Only the lines from the one holding "Lavender Vines, a" through the end of the material are to be repeated, exactly and without pictures.

[Source data]
------

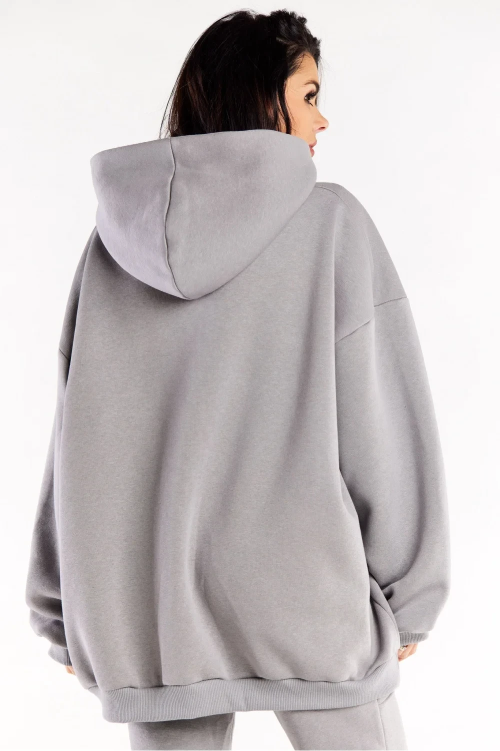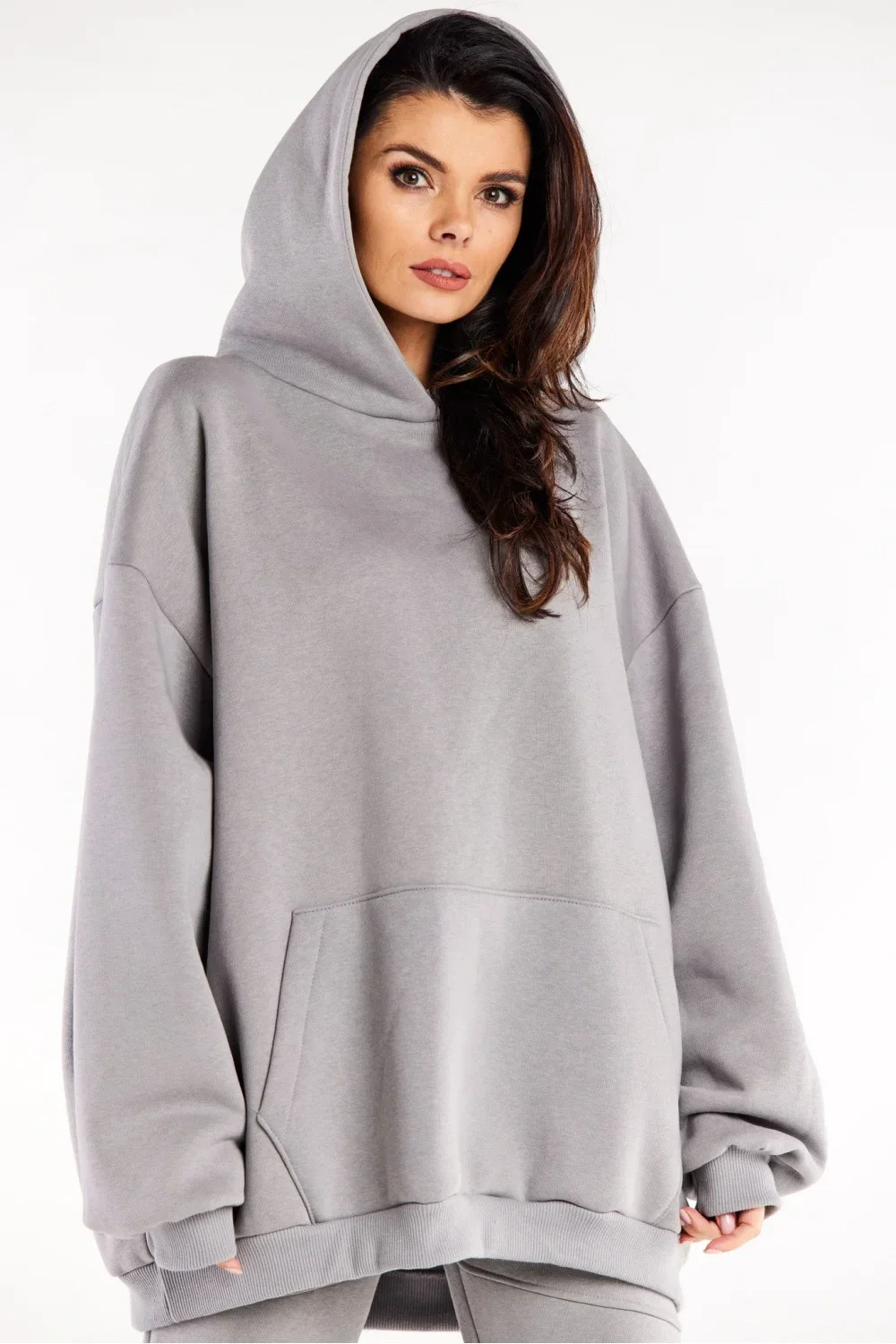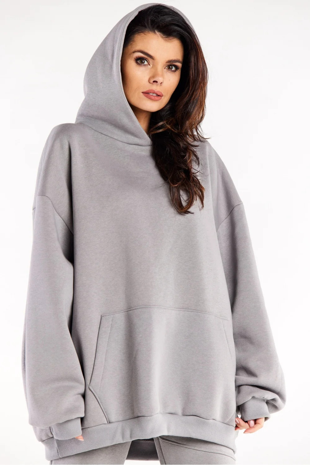 Mikina nadměrné velikosti s dlouhými rukávy, klokaní kapsou a prostornou kapucí.
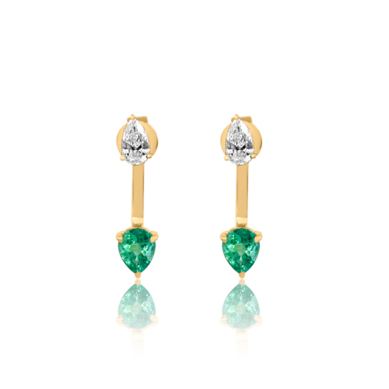 These Gold Diamond and Emerald Ear Jacket features diamonds set in 14K Yellow gold.
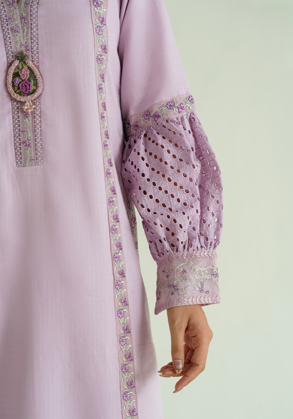 Lavender Vines, a soft lilac tunic designed for effortless summer elegance. Delicately embroidered vine motifs cascade along the neckline and panels, highlighting the beauty of intricate handwork and artisanal detailing.
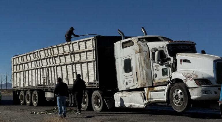 Un camión de carga terminó volcado en el kilómetro 330 de la carretera Panamericana, cuando se dirigía rumbo Ciudad Juárez con destino a la Central de Abastos.

------

[Problem solution]
 Lavender Vines, a soft lilac tunic designed for effortless summer elegance. Delicately embroidered vine motifs cascade along the neckline and panels, highlighting the beauty of intricate handwork and artisanal detailing.
 Un camión de carga terminó volcado en el kilómetro 330 de la carretera Panamericana, cuando se dirigía rumbo Ciudad Juárez con destino a la Central de Abastos.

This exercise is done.